While clearly very powerful, are deep convolutional networks the end of the road for computer vision? We’re sure they’ll continue to be popular and push the state of the art in the next few years but we believe there’s still another step change or two to come. We can only speculate as to what these changes will be, but we finish up by highlighting some of the opportunities as we see them.

Representations: These networks learn to predict a relatively simple representation of the image contents. There’s no deep understanding of where individual objects live in the image, how they relate to one another, or the role of particular objects in our lives (e.g. we couldn’t easily combine the cue that a person’s hair looks slightly glossy with the fact that they are holding a hair-dryer to get a more confident estimate that their hair is wet). New datasets such as Microsoft CoCo may help push this forward by providing very detailed labeling of individual object segmentations in “non-iconic” images – i.e. images where there’s more than one object present that are not front-and-center.

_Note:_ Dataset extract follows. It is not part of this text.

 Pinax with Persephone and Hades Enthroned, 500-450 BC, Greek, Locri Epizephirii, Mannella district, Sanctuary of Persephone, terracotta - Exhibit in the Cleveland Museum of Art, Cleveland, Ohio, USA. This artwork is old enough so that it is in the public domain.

Efficiency: While the evaluation of a deep network on a test image can be performed relatively quickly though parallelization, neural networks don’t have the notion of conditional computation that we encountered in our last post: every test example ends up traversing every single node in the network to product its output. Furthermore, even with fast GPUs, training a network can take days or weeks which limits the ability to experiment rapidly.

Structure learning: Deep convolutional networks currently have a carefully hand-designed and rather rigid structure that has evolved over many years of research. Changing, say, the size of a particular layer or the number of layers can have undesirable consequences to the quality of the predictor. Beyond simply brute-force parameter sweeps to optimize the form of the network, we hope there is opportunity to really learn a much more flexible network structure directly from data.

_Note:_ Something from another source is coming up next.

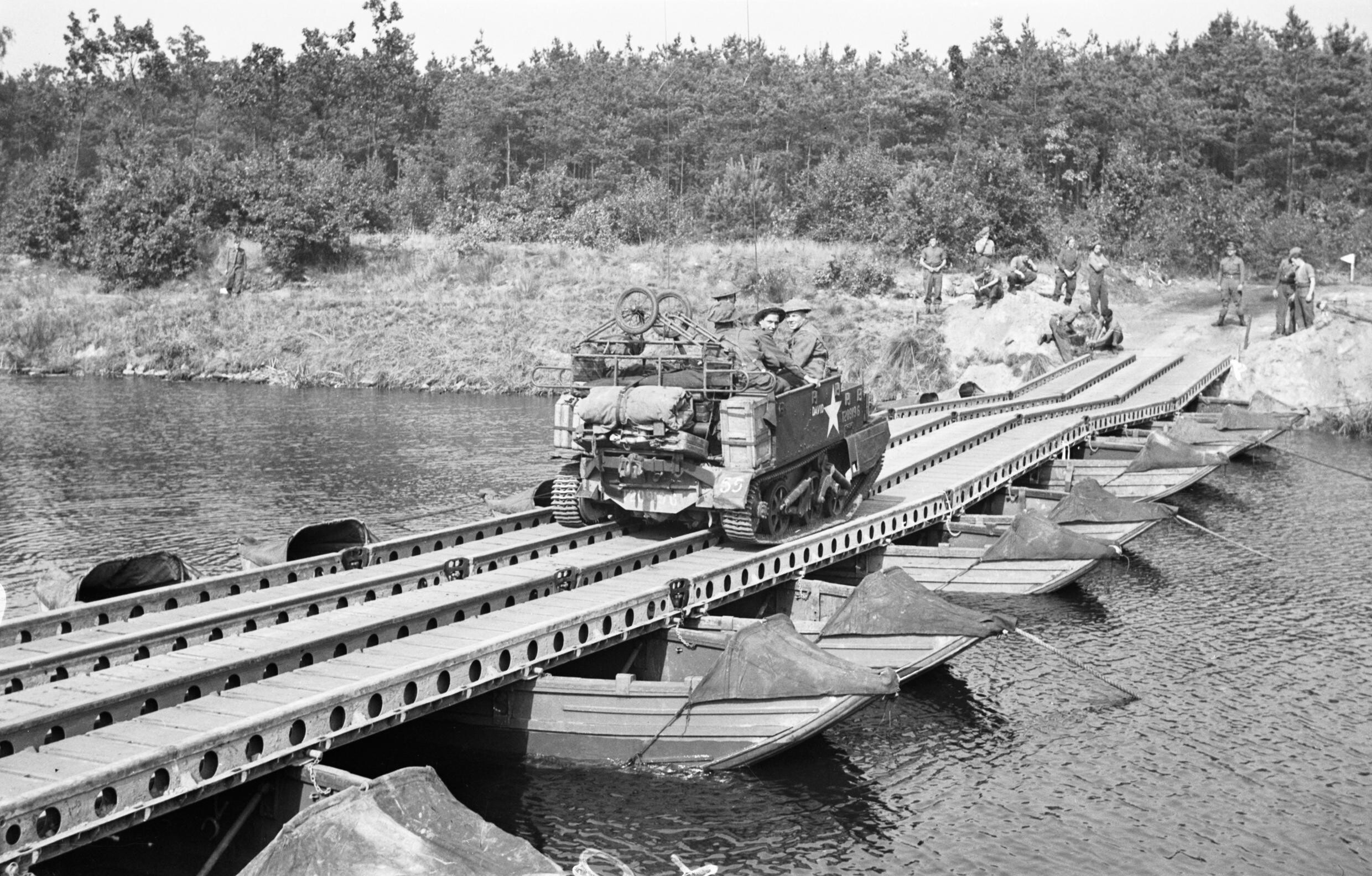 The British Army in North-west Europe 1944-45 Carriers of 1/5th Welch Regiment, 53rd Division, crossing the Meuse into Holland, 20 September 1944.

Recently, we have been taking baby steps towards addressing particularly the latter two of these opportunities. We’re particularly excited by our recent work on decision jungles: ensembles of rooted decision DAGs. You can think of a decision DAG as a decision tree in which child nodes have been merged together so that nodes are allowed to have multiple parents. Compared to decision trees, we’ve shown that they can reduce memory consumption by an order of magnitude while also resulting in considerably improved generalization. A DAG also starts to look a lot like a neural network, but does have two important differences: firstly, the structure is learned jointly with the parameters of the model; and secondly, the DAG retains the idea from decision trees of efficient conditional computation: a single test example follows a single path through the DAG, rather than traversing all nodes as would be the case with a neural network. We’re actively investigating whether decision jungles, perhaps in conjunction with other forms of deep learning including stacking and entanglement, can offer an efficient alternative to deep neural networks.

If you’re interested in trying out decision jungles for your problem, the Gemini module in Azure ML will let you investigate further.

Overall, computer vision has a bright future thanks in no small part to machine learning. The rapid recent progress in vision has been fantastic, but we believe the future of computer vision research remains an exciting open book.